■ WORK ITEM:
Output begins at the line with "Introducing the Sound" and ends at the last line of the records below. Copy each line in that span exactly, and leave out pictures.
[[ SUPPLIED RECORDS open ]]
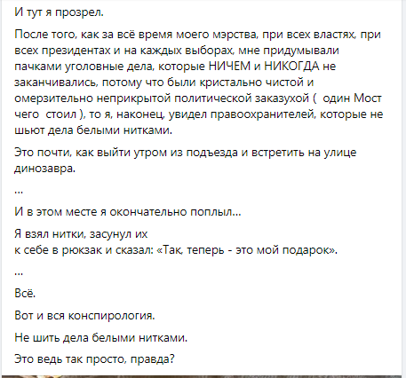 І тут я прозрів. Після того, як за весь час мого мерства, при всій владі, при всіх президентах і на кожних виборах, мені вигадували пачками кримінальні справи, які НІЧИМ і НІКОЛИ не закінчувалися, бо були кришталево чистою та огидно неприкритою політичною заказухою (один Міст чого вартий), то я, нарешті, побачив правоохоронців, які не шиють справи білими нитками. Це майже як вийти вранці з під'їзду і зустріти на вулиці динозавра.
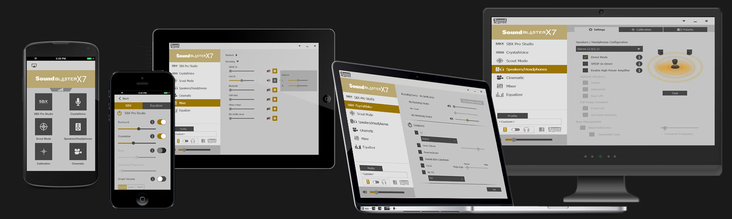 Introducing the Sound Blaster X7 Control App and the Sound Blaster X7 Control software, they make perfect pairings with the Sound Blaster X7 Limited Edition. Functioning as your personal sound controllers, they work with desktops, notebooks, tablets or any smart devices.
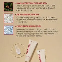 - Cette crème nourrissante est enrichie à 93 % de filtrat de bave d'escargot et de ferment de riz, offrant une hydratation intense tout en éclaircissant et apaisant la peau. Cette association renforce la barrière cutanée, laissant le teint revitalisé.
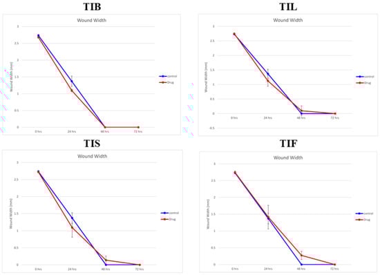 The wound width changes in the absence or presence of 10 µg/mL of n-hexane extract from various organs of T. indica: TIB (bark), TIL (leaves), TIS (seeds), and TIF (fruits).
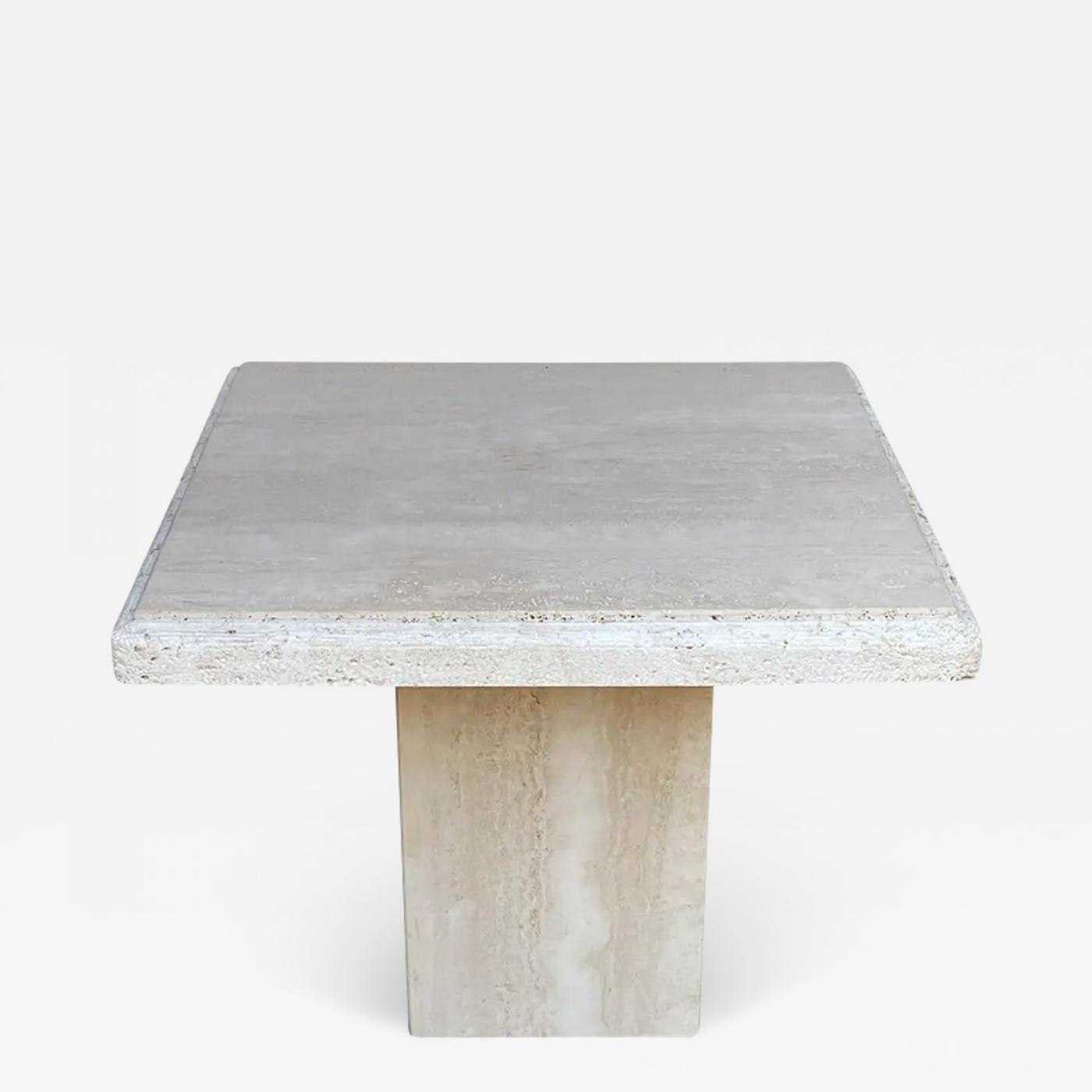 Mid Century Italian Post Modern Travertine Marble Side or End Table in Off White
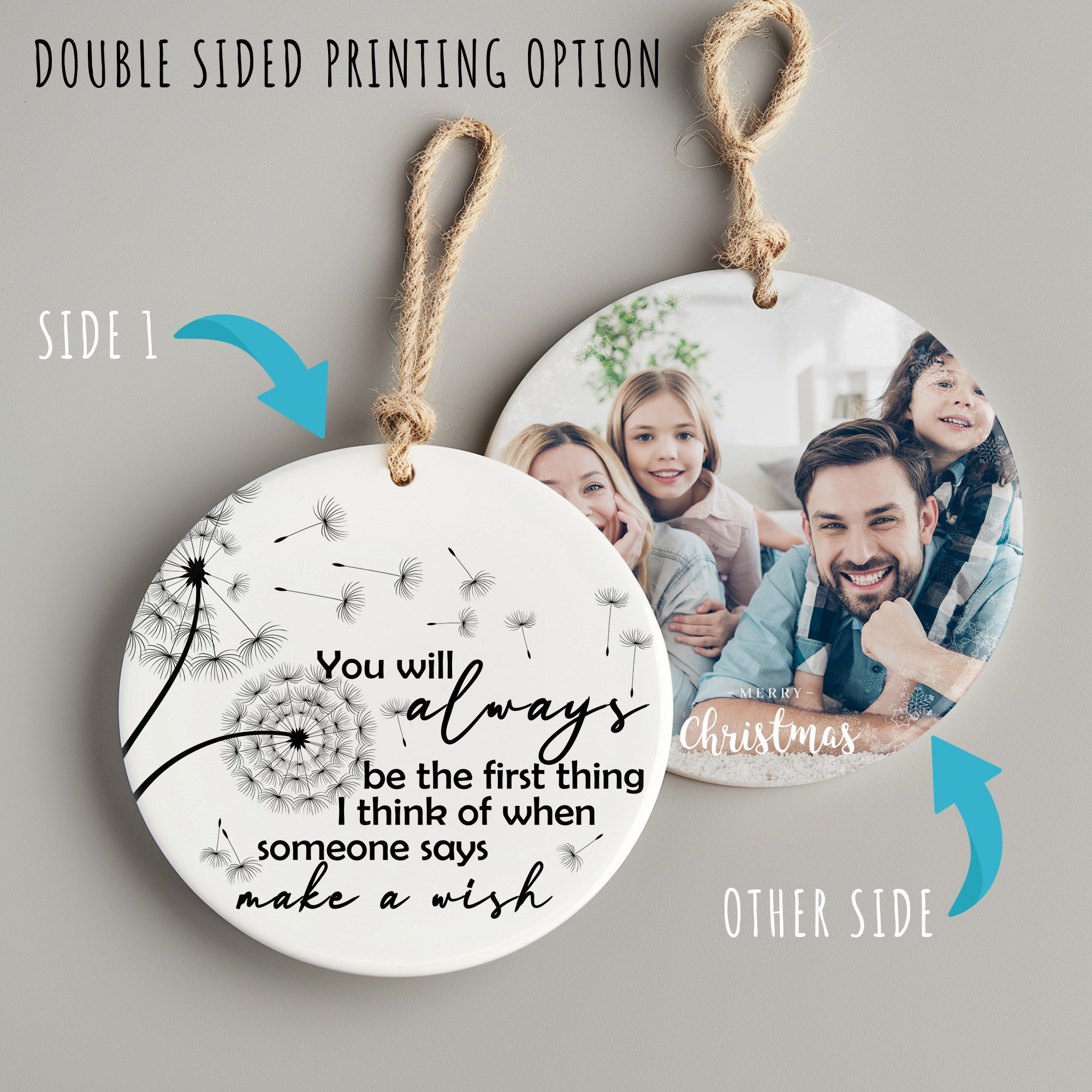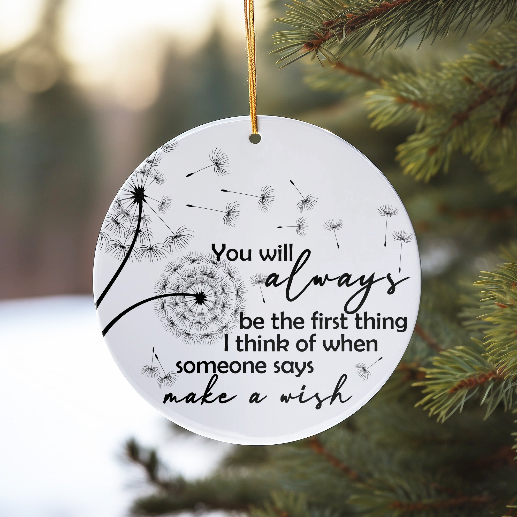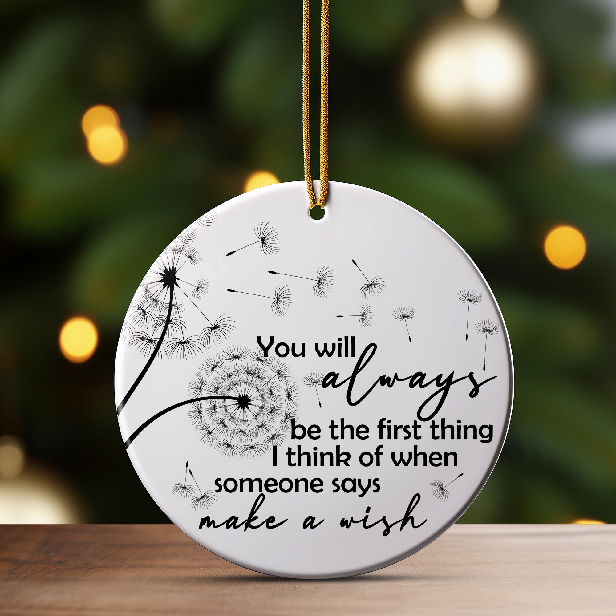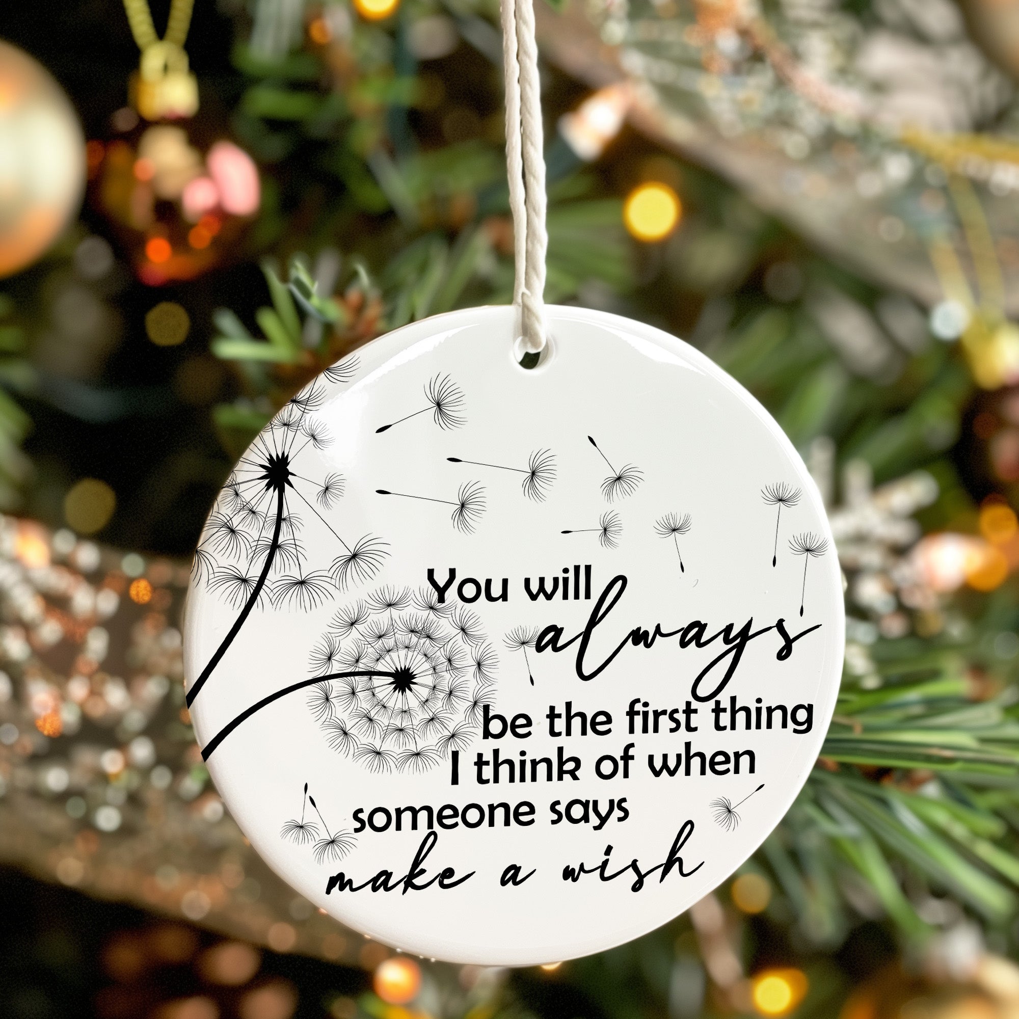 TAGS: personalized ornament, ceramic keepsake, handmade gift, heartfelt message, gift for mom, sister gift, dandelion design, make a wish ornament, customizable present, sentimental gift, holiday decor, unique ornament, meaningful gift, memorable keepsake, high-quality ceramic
[[ SUPPLIED RECORDS closed ]]
■ RESPONSE AREA:
 Introducing the Sound Blaster X7 Control App and the Sound Blaster X7 Control software, they make perfect pairings with the Sound Blaster X7 Limited Edition. Functioning as your personal sound controllers, they work with desktops, notebooks, tablets or any smart devices.
 - Cette crème nourrissante est enrichie à 93 % de filtrat de bave d'escargot et de ferment de riz, offrant une hydratation intense tout en éclaircissant et apaisant la peau. Cette association renforce la barrière cutanée, laissant le teint revitalisé.
 The wound width changes in the absence or presence of 10 µg/mL of n-hexane extract from various organs of T. indica: TIB (bark), TIL (leaves), TIS (seeds), and TIF (fruits).
 Mid Century Italian Post Modern Travertine Marble Side or End Table in Off White
 TAGS: personalized ornament, ceramic keepsake, handmade gift, heartfelt message, gift for mom, sister gift, dandelion design, make a wish ornament, customizable present, sentimental gift, holiday decor, unique ornament, meaningful gift, memorable keepsake, high-quality ceramic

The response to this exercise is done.